TASK INPUT ::
^^^^^^^^

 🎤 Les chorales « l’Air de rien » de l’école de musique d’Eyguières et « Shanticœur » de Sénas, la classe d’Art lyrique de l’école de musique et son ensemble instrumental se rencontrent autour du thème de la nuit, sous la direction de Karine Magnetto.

^^^^^^^^

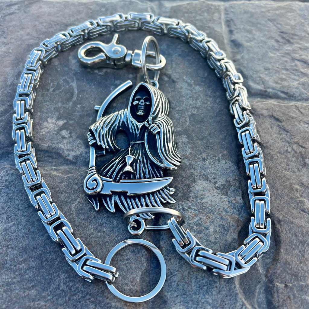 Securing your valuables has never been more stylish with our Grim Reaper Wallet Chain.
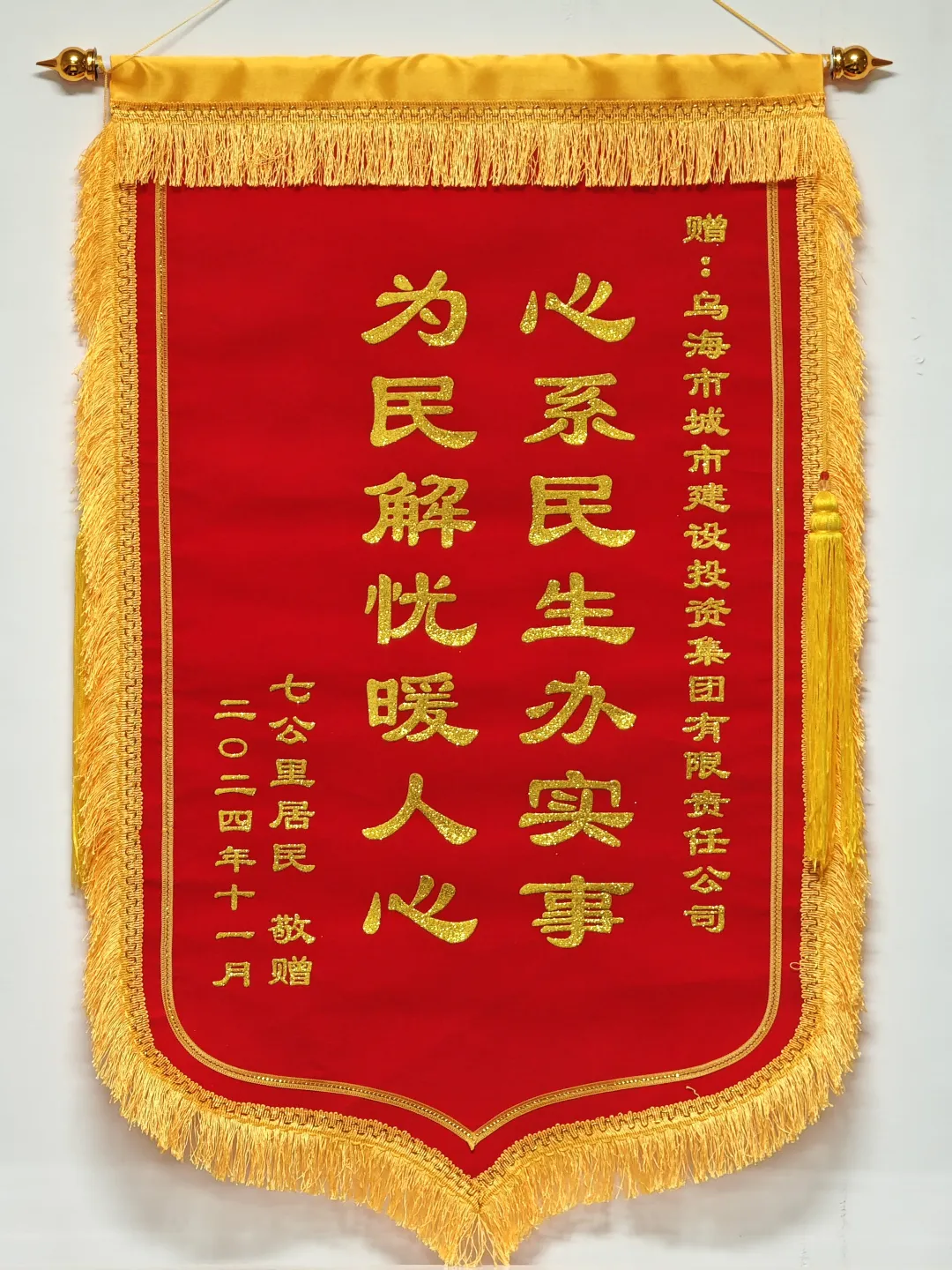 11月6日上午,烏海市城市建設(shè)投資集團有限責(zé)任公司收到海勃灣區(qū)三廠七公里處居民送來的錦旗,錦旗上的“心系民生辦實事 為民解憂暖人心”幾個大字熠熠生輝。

^^^^^^^^

REQUIREMENT :: Lines wanted from the entries above: the one with "Securing your valuables", the one with "11月6日上午,烏海市城市建", and all lines between. Please copy them exactly, without the pictures and without anything else.

SOLUTION TO THIS PROBLEM ::
 Securing your valuables has never been more stylish with our Grim Reaper Wallet Chain.
 11月6日上午,烏海市城市建設(shè)投資集團有限責(zé)任公司收到海勃灣區(qū)三廠七公里處居民送來的錦旗,錦旗上的“心系民生辦實事 為民解憂暖人心”幾個大字熠熠生輝。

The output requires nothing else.